Of the many talks I heard, a few I’ll highlight, just for the specific points I took away.  On the first day, Tanya Marchant showed interesting and cautionary data about making sure that what you’re measuring really measures what you think you’re measuring.  In this case, measuring the presence of skilled birthing assistants as a proxy for maternal care during childbirth turns out to be incomplete because of other factors such as availability of basic medical supplies.  Reminds me of debates over things like how best to measure drug efficacy in clinical trials–for example, response versus progression free survival in oncology.

Joseph Dieleman presented his work on looking on the effects of external aid to developing nations for health.  In a perfect world, external aid would just be added to pre-existing health expenditures, and after aid expired, local governments would maintain spending at pre-aid levels, or even higher.  Well, turns out this isn’t always the way this happens.  Aid comes in, local health budget gets shifted “temporarily,” but temporarily turns to permanently when the external aid leaves.  One of the thoughts that went through my head during this conference was to remember the law of unintended consequences.

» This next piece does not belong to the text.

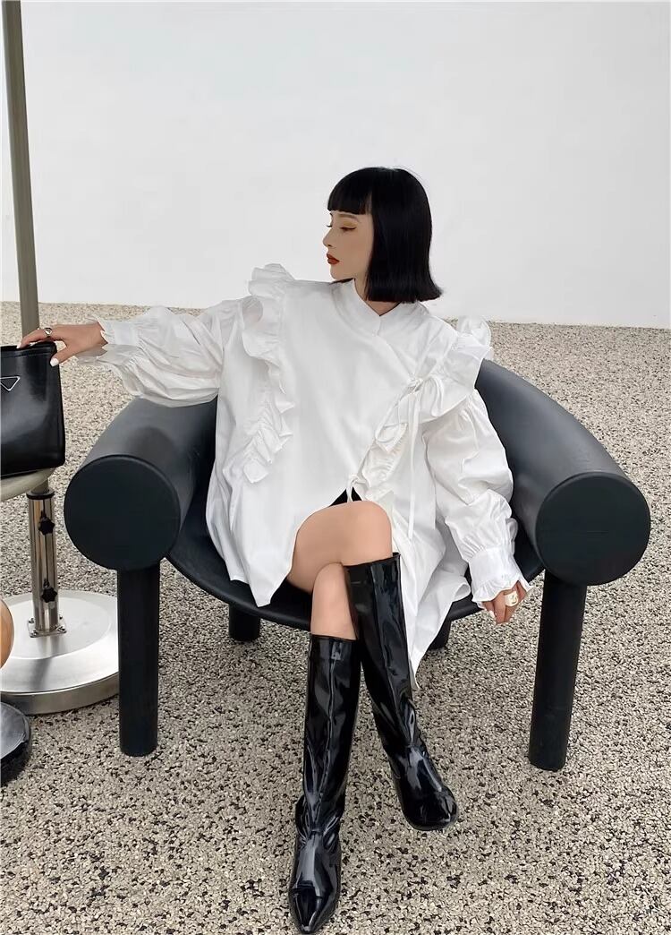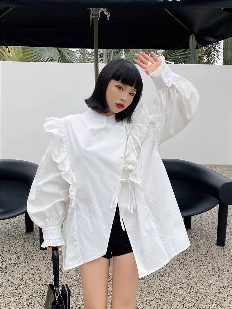 レディース トップス シャツ ブラウス ロング 長袖 ボリューム袖 ワイド フリル かわいい きれいめ シンプル カジュアル おしゃれ かっこいい レトロ こなれ感 ラフ ボーイッシュ ルーズ 個性的 クール モード系 モダン 存在感 ワイルド セクシー 色気 シック 可愛い 無地 春 秋 デート お出かけ 旅行 女子会 休日 ショッピング コーデ 楽ちん 体型カバー 普段使い モテ インスタ映え コスチューム 衣装 フリーサイズ 白 ホワイト 黒 ブラック モノトーン ベーシックカラー 大人カラー

I enjoyed Michael Wolfson‘s talk on functional health status.  Coming from an industry that really likes it’s tried and true measures like HDL/LDL levels, the concept of looking holistically at factors relating to actually feeling good was a nice contrast, and food for thought.

Bruce Hollingsworth had a great quote in his part, “People need incentives to provide accurate data.”  Yeah.  Tell me about it.  In transcriptomics it’s been a mantra for years that “Garbage in, garbage out,” in terms of incoming biological sample integrity and resulting data quality.  From what I saw, the data you can get trying to measure Global Health is maybe even noisier than the kinds of data that I normally deal with.  My main conjecture for why all hope is not lost due to data quality in Global Health is that GH researchers are able to bias the indicators they sample towards things with (hopefully) real meaning, else they would be adrift in a sea of not very useful data.  Maybe they feel that way anyway?  Bruce also made the point that there are external factors, again, which influence health.  Even people who know where to go for the best treatment may not because the facility is too far away.  Location, location, location.

Speaking of garbage (but not in a bad way), David Phillip‘s talk later that day referred to the problem of trying to extract useful data out of vital health records full of things like garbage codes.  That is, causes of death that are supremely unhelpful from a public health perspective, such as (I’m exaggerating here) death by lack of life.  His work on extracting useful proportions from this data based on the overall data distribution reminded me of imputation techniques that are used in genomics.

There were many more engaging talks, and I also had great conversations at lunch with different people. I suppose I shouldn’t be surprised by the similarities.  I think many research fields these days are converging on a similar emphasis on big data, analytics, efficacy, and finding the right metrics.  I also appreciated the long view shown by so many of these programs.  One of the drawbacks of private industry is the prevalence, often, of the short term view.  I could wish we had the decades-long commitment shown by various Global Health initiatives.

The aspect I find daunting in Global Health is how much uncertainty that community is dealing with, which greatly affects efficacy and efficiency.  An intervention might be exactly the right one when viewed in isolation, but can be so easily derailed by external factors.  Like biology, like baseball, it seems the key thing is to find the metrics that at least tell you that you made the change you hoped for, with the understanding that what happens at the end is so often, unfortunately, out of our control.